TASK DETAILS
The copy should hold only the line containing "Sporttinen ja kevyt" and the lines after it through the end of the material, each exact, with no pictures.

*** EXERCISE DATA ***

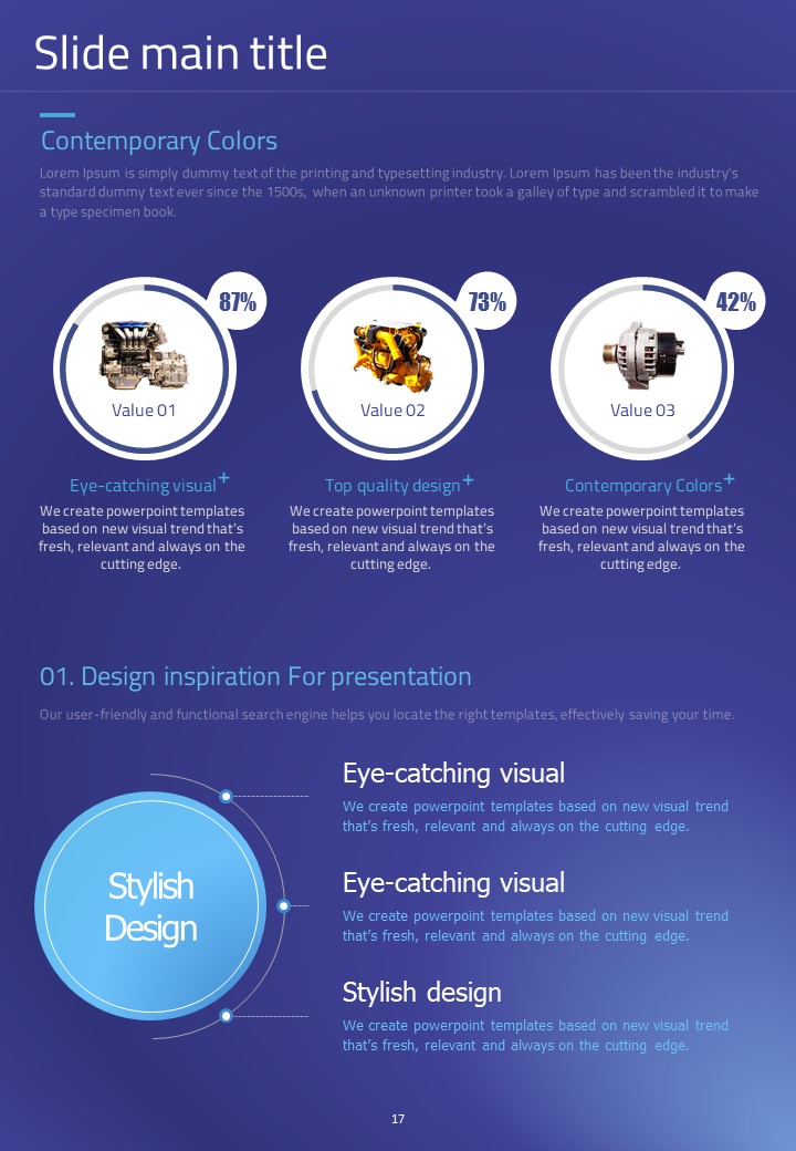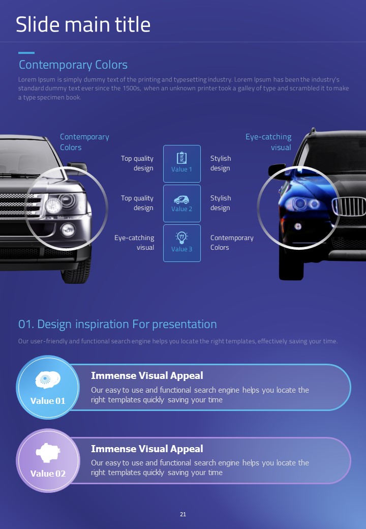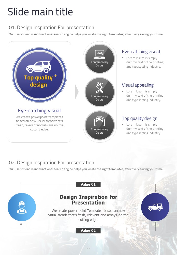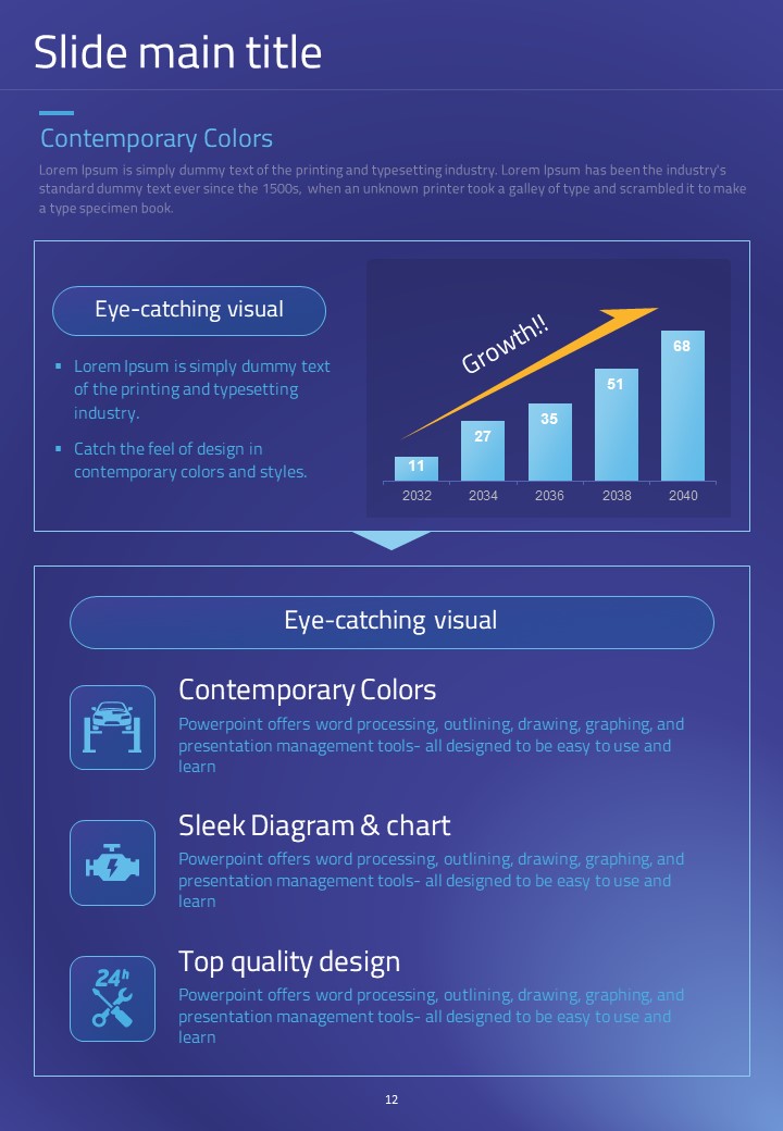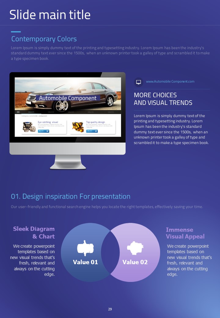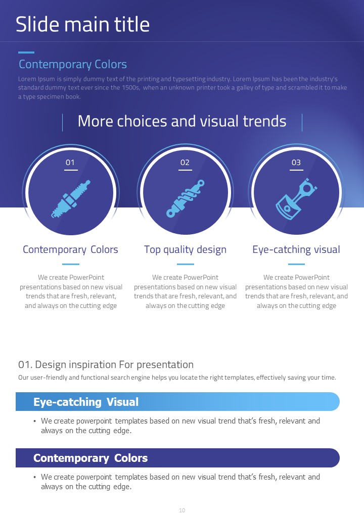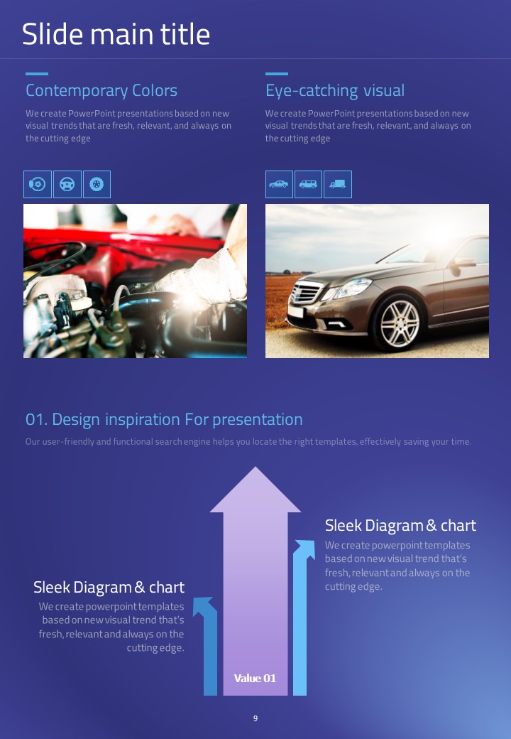 이 세로형 템플릿은 자동차 부품 관련 발표 자료를 위해 설계되었습니다. 모던한 보라색과 파란색 조합으로 시각적으로 매력적이며, 다양한 자동차 관련 데이터를 효과적으로 시각화하는 데 적합합니다. 자동차 산업의 전문가, 엔지니어 및 프로젝트 매니저에게 특히 추천되는 템플릿입니다.
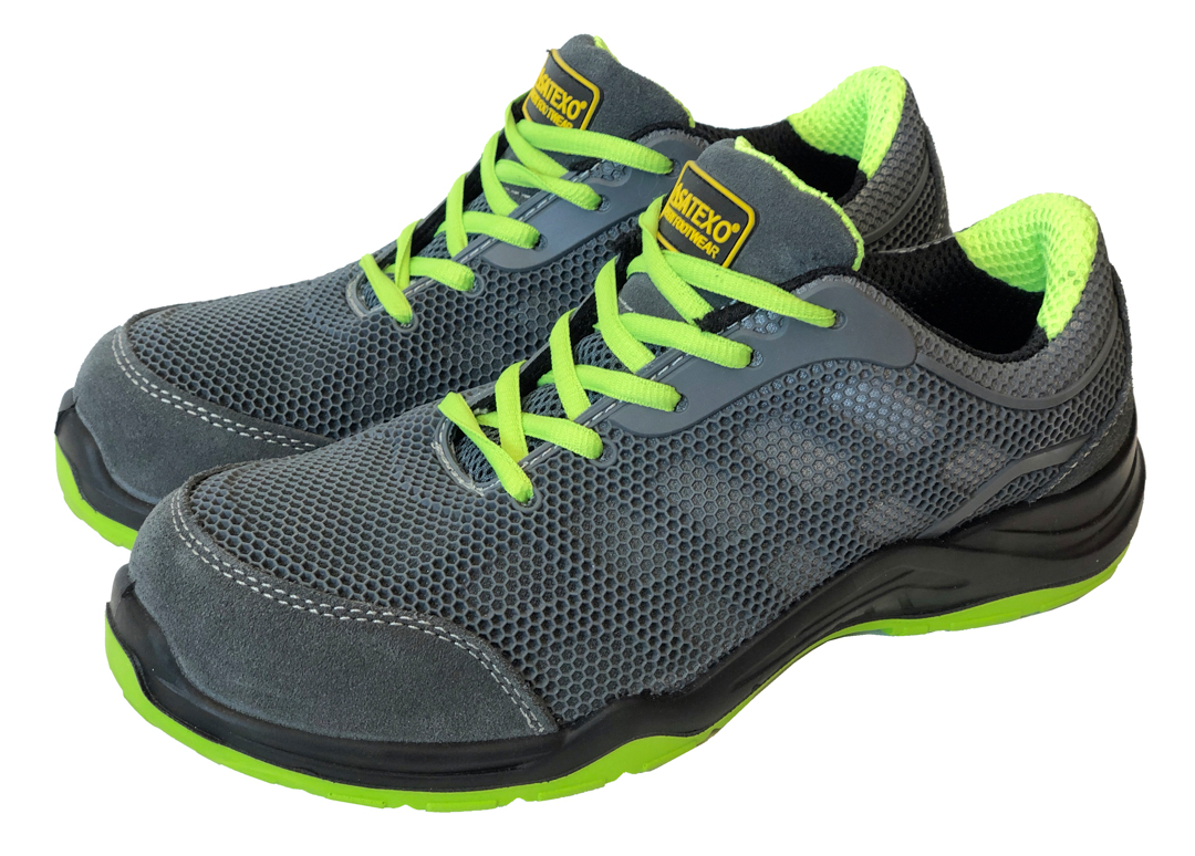 Sporttinen ja kevyt lyhytvartinen turvakenkä KUREGI, komposiittikärki ja kevlar naulaanastumissuoja, kantavaimennettu, antistaattinen ja öljynkestävä pohja,
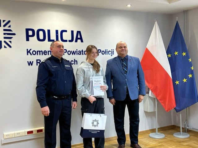 | Jury wybrało najlepsze prace w trzech kategoriach wiekowych na szczeblu powiatowym. W Komendzie Powiatowej Policji w Ropczycach wręczono nagrody dla zwycięzców. Reprezentantka naszej szkoły - Michalina Feret z kl. 6b, pod opieką pana Zdzisława Barana, zdobyła III miejsce w swojej kategorii wiekowej 10-12 lat. Plakat Michaliny dotyczył profilaktyki bezpieczeństwa i zagrożeń wynikających z palenia papierosów, picia alkoholu czy zażywania środków odurzających. Oceniający zwracali uwagę na różnorodność technik wykonania, na wartość artystyczną, ale nie mniej ważny był przekaz - bezpieczeństwo dzieci w czasie wakacji. Autorzy prac w oryginalny sposób prezentowali właściwe zachowania w niebezpiecznych sytuacjach oraz sposoby unikania zagrożeń. Nagrodę Michalina odebrała w dniu 12 grudnia 2023r. podczas uroczystego spotkania w świetlicy KPP w Ropczycach wraz z opiekunem panią Natalią Maciołek. Jesteśmy dumni z naszej uczennicy i życzymy jej wielu kolejnych sukcesów na szczeblach powiatowych i wojewódzkich. /Natalia Maciołek/ |
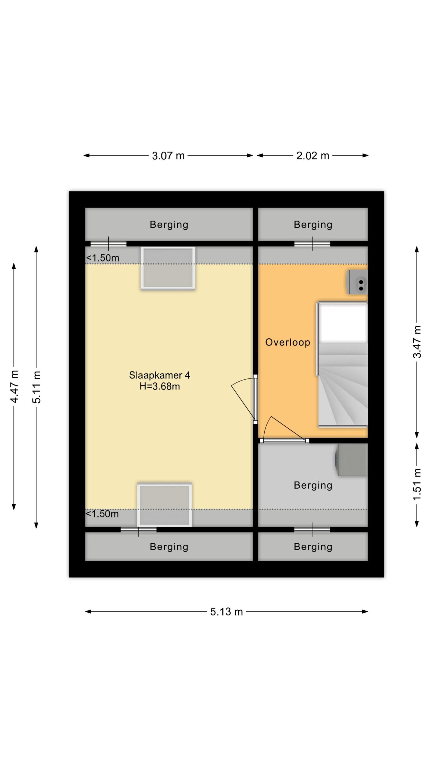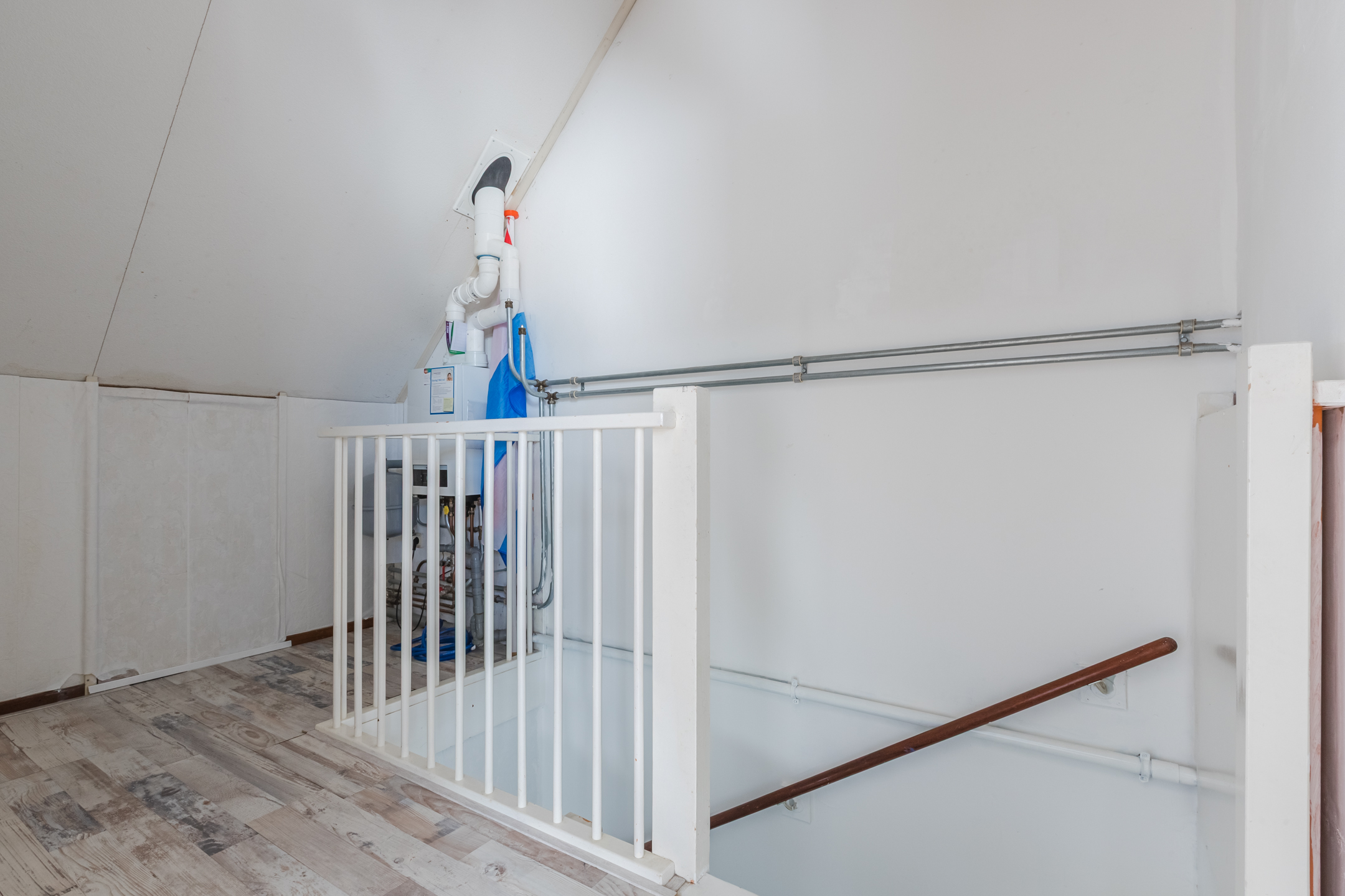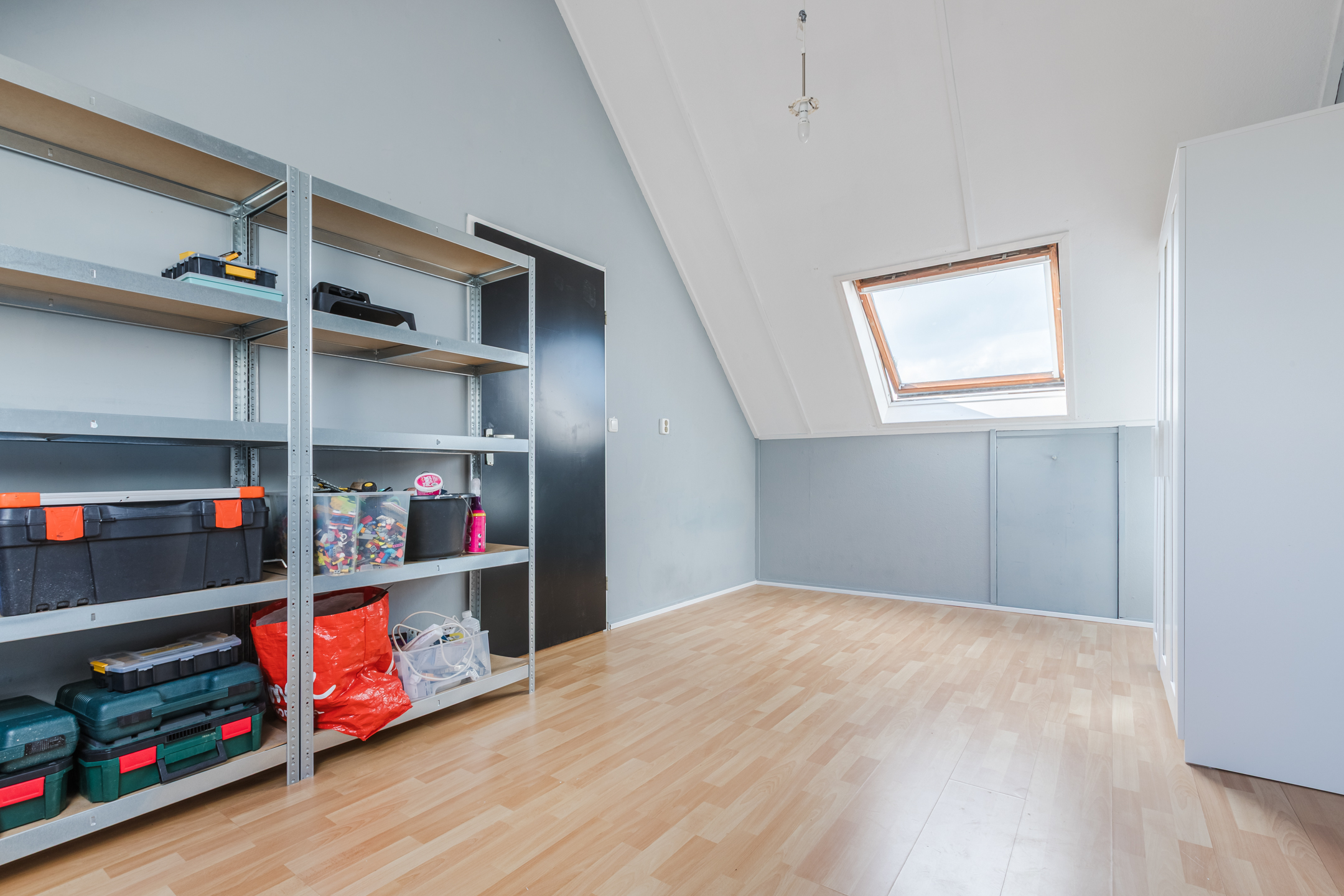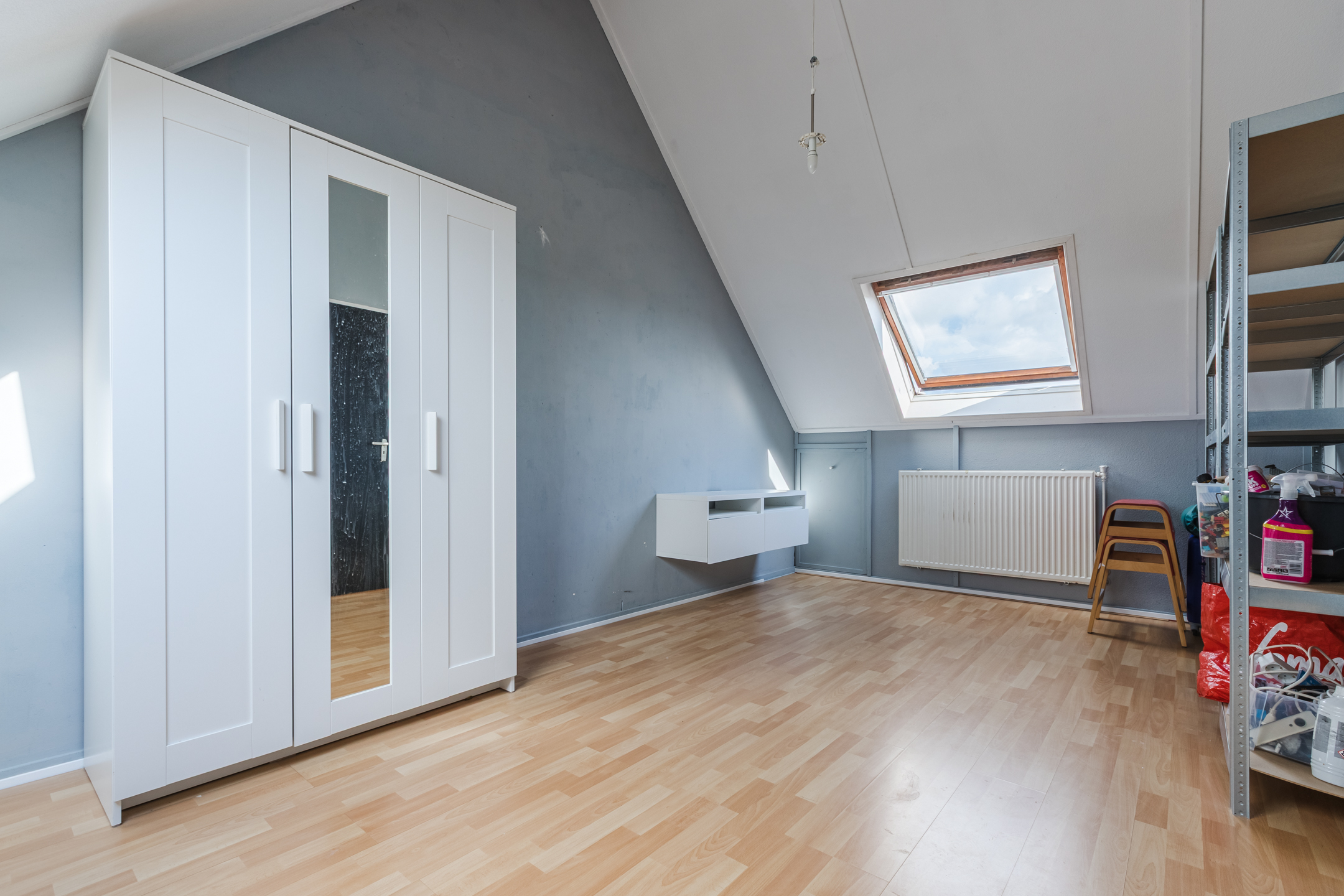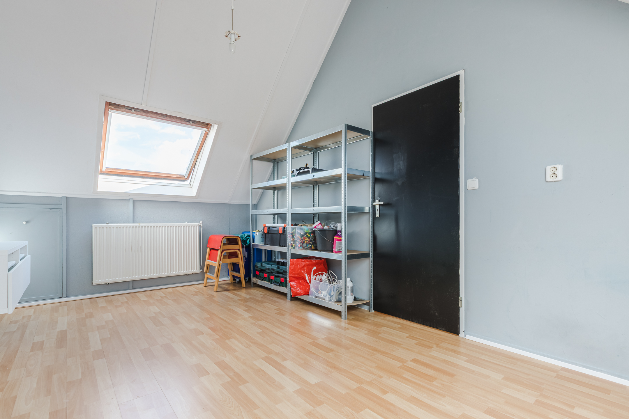 Via een vaste trap bereik je de tweede verdieping. Hier vind je een royale overloop met wasmachineaansluiting en de CV-opstelling (Nefit, Proline nxt hrc 2019). Tevens is er een vierde slaapkamer met dakramen en extra bergruimte achter de knieschotten. Perfect als werkruimte, logeerkamer of tienerkamer.

*** End of EXERCISE DATA ***

OUTPUT
 Sporttinen ja kevyt lyhytvartinen turvakenkä KUREGI, komposiittikärki ja kevlar naulaanastumissuoja, kantavaimennettu, antistaattinen ja öljynkestävä pohja,
 | Jury wybrało najlepsze prace w trzech kategoriach wiekowych na szczeblu powiatowym. W Komendzie Powiatowej Policji w Ropczycach wręczono nagrody dla zwycięzców. Reprezentantka naszej szkoły - Michalina Feret z kl. 6b, pod opieką pana Zdzisława Barana, zdobyła III miejsce w swojej kategorii wiekowej 10-12 lat. Plakat Michaliny dotyczył profilaktyki bezpieczeństwa i zagrożeń wynikających z palenia papierosów, picia alkoholu czy zażywania środków odurzających. Oceniający zwracali uwagę na różnorodność technik wykonania, na wartość artystyczną, ale nie mniej ważny był przekaz - bezpieczeństwo dzieci w czasie wakacji. Autorzy prac w oryginalny sposób prezentowali właściwe zachowania w niebezpiecznych sytuacjach oraz sposoby unikania zagrożeń. Nagrodę Michalina odebrała w dniu 12 grudnia 2023r. podczas uroczystego spotkania w świetlicy KPP w Ropczycach wraz z opiekunem panią Natalią Maciołek. Jesteśmy dumni z naszej uczennicy i życzymy jej wielu kolejnych sukcesów na szczeblach powiatowych i wojewódzkich. /Natalia Maciołek/ |
 Via een vaste trap bereik je de tweede verdieping. Hier vind je een royale overloop met wasmachineaansluiting en de CV-opstelling (Nefit, Proline nxt hrc 2019). Tevens is er een vierde slaapkamer met dakramen en extra bergruimte achter de knieschotten. Perfect als werkruimte, logeerkamer of tienerkamer.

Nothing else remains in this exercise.